▸ **Supplied information**
****************
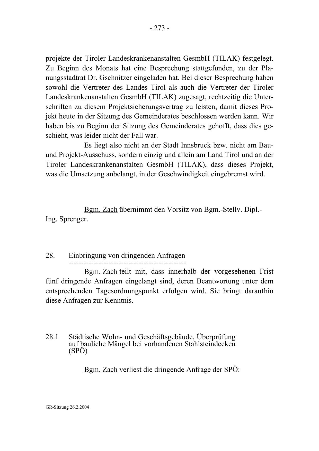 Bgm. Zach verliest die dringende Anfrage der SPÖ:
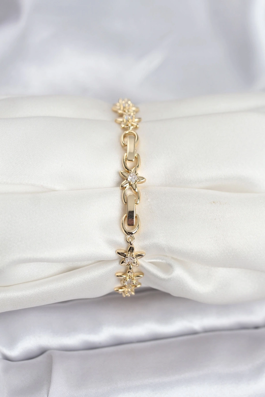 Pirinç Gold Renk VIP Seri Sıralı Taşlı Yıldız Model Zirkon Taşlı Kadın Bileklik
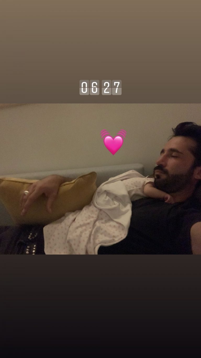 Antes, el flamante papá había publicado una tierna postal que los mostraba descansando juntos recostados en un sillón.
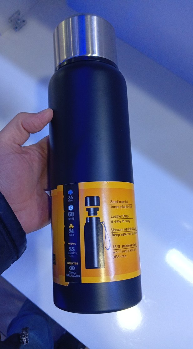 Siyah termos şişe, içi çelik ve plastik kaplamalıdır. Taşıma için deri kayış bulunur. Vakum izolasyonu sayesinde içecekleri uzun süre sıcak veya soğuk tutar. Paslanmaz çelik ve BPA içermez.
****************
▸ **What to work on**
Copy nothing but the lines from the top of the data down to the line containing "Antes, el flamante", and leave the pictures out.

▸ **Solved problem**
 Bgm. Zach verliest die dringende Anfrage der SPÖ:
 Pirinç Gold Renk VIP Seri Sıralı Taşlı Yıldız Model Zirkon Taşlı Kadın Bileklik
 Antes, el flamante papá había publicado una tierna postal que los mostraba descansando juntos recostados en un sillón.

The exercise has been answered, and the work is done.